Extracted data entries
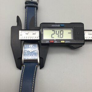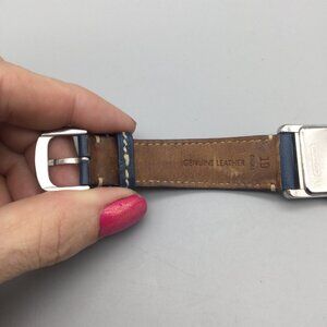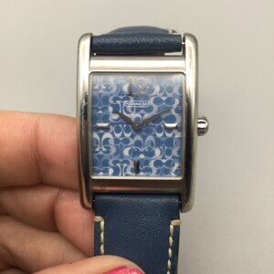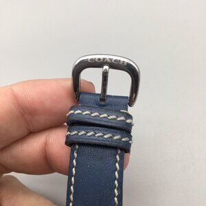 Coach Tank WatchWomen 25mm Silver Tone Blue Logo Dial Leather Band New Battery
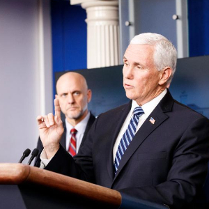 图为2020年3月6日,在美国华盛顿白宫,时任美国副总统彭斯(前)在新闻发布会上讲话。新华社发(沈霆摄)
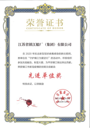 近日,我公司被镇江市献血办公室授予镇江市新冠疫情防控期无偿献血“先进单位”荣誉称号。 |
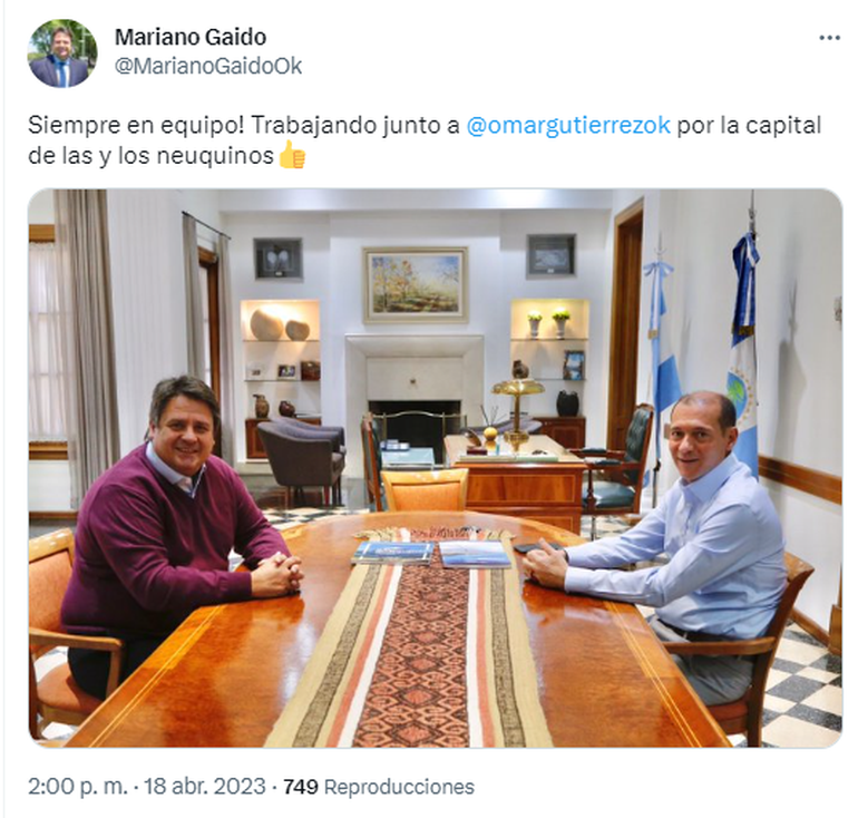 “Siempre en equipo, trabajando junto a Omar Gutiérrez por la capital de las y los neuquinos”, publicó el jefe comunal en su cuenta de la red social Twitter.
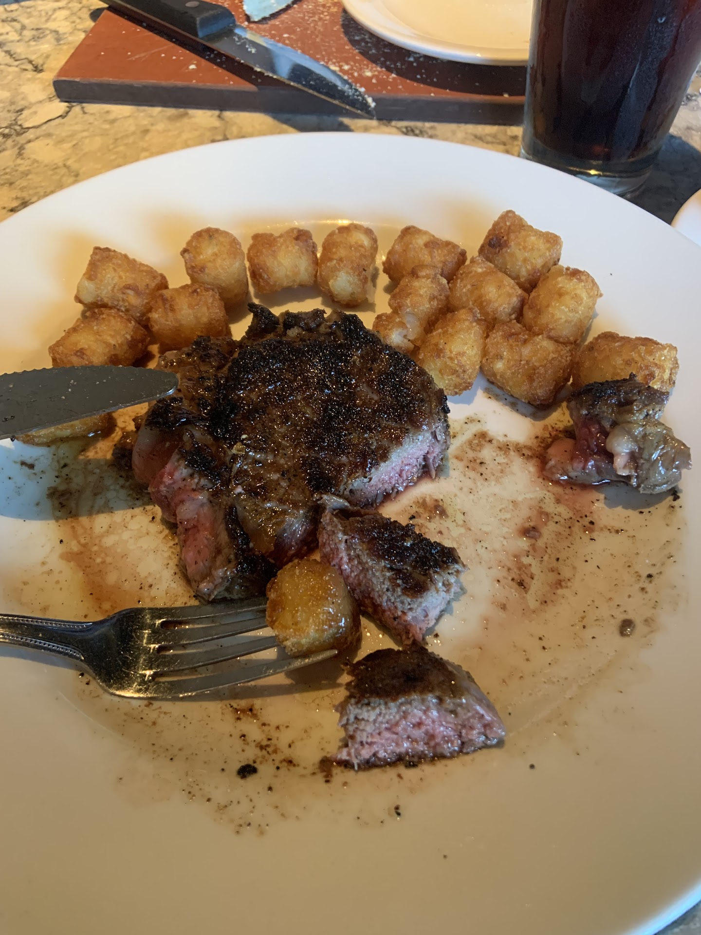 This place for a steakhouse is not inexpensive AND it is neither in the category of Texas Roadhouse (on the low end) or Ruth's Chris (on the very high end). Still a 12 oz. rib eye at $33.50 reasonably creates expectations that the quality and preparation will match the asking price. It didn't. It was ordered medium and came out medium more toward medium well. I politely asked the server to remain table-side while I cut the steak to determine if it had been delivered as ordered. I found it acceptable. The good news first; it was appropriately seasoned. The not-so-good-news; it was tougher than I expected from a rib-eye which is usually well marbled and inclined to be tender. The accompanying au gratin potatoes were tasty and hot, if not particularly eye-pleasing.
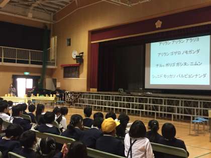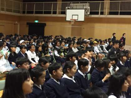 校長先生が全校児童に韓国民謡の「アリラン」を歌って紹介をしてくださいました。
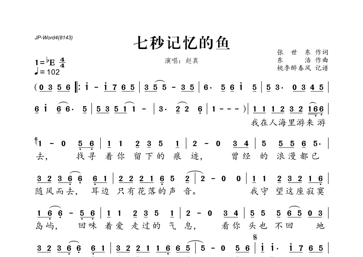《七秒记忆的鱼》是赵真演唱的一首歌曲,拍号为4/4拍,歌曲速度为每分钟102拍,这份简谱共有一张高清图谱,图谱由 @桃李醉春风 编配上传。
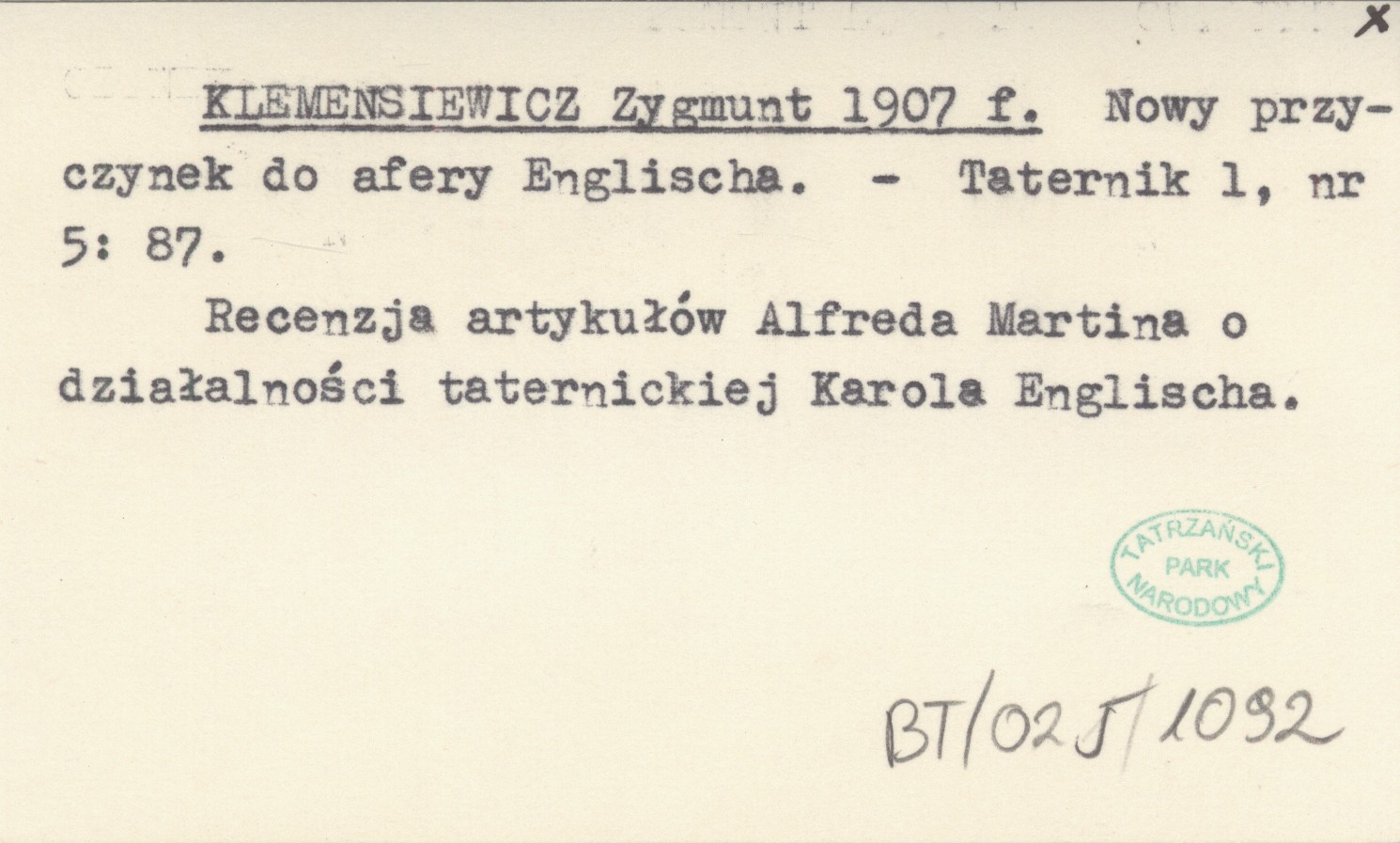 Taternik, 1, nr 5: 87. Recenzja artykułów Alfreda Martina o działalności taternickiej Karola Englischa.

■ Task item: Print exactly the lines between the line containing "校長先生が全校児童に韓国民謡の「アリラン」を歌って紹介をしてくださいました。" and the last line of the entries above, including both, and nothing besides; skip the pictures.

■ Output of the exercise:
 校長先生が全校児童に韓国民謡の「アリラン」を歌って紹介をしてくださいました。
《七秒记忆的鱼》是赵真演唱的一首歌曲,拍号为4/4拍,歌曲速度为每分钟102拍,这份简谱共有一张高清图谱,图谱由 @桃李醉春风 编配上传。
 Taternik, 1, nr 5: 87. Recenzja artykułów Alfreda Martina o działalności taternickiej Karola Englischa.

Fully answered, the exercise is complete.